### YOUR GOAL
The needed output is the run of lines below from the one containing "This rose gold" through the one containing "一枚镶有亮橙日光石的戒指,镶嵌在带有蔓藤花纹和镂空图案的底座上。", copied exactly and free of pictures.

### RECORDS SHOWN

Content starts

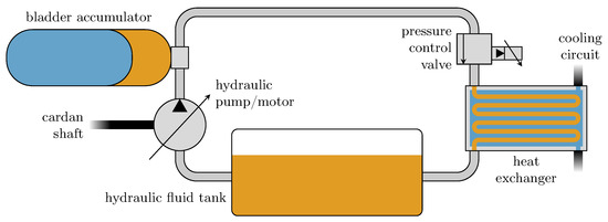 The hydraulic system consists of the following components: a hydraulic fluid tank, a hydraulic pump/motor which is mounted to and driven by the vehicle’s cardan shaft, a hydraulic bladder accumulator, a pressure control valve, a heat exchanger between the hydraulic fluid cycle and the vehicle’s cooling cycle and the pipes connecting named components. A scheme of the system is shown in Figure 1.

Content ends
Content starts

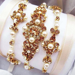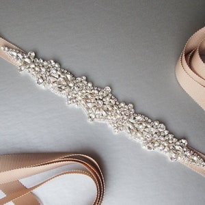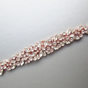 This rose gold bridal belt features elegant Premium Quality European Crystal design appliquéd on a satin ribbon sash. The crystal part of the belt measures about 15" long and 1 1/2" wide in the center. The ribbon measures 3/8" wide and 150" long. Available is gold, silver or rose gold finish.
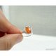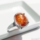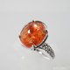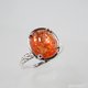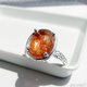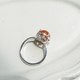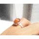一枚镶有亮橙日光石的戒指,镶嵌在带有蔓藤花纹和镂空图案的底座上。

Content ends

### OUTPUT OF THE TASK
 This rose gold bridal belt features elegant Premium Quality European Crystal design appliquéd on a satin ribbon sash. The crystal part of the belt measures about 15" long and 1 1/2" wide in the center. The ribbon measures 3/8" wide and 150" long. Available is gold, silver or rose gold finish.
一枚镶有亮橙日光石的戒指,镶嵌在带有蔓藤花纹和镂空图案的底座上。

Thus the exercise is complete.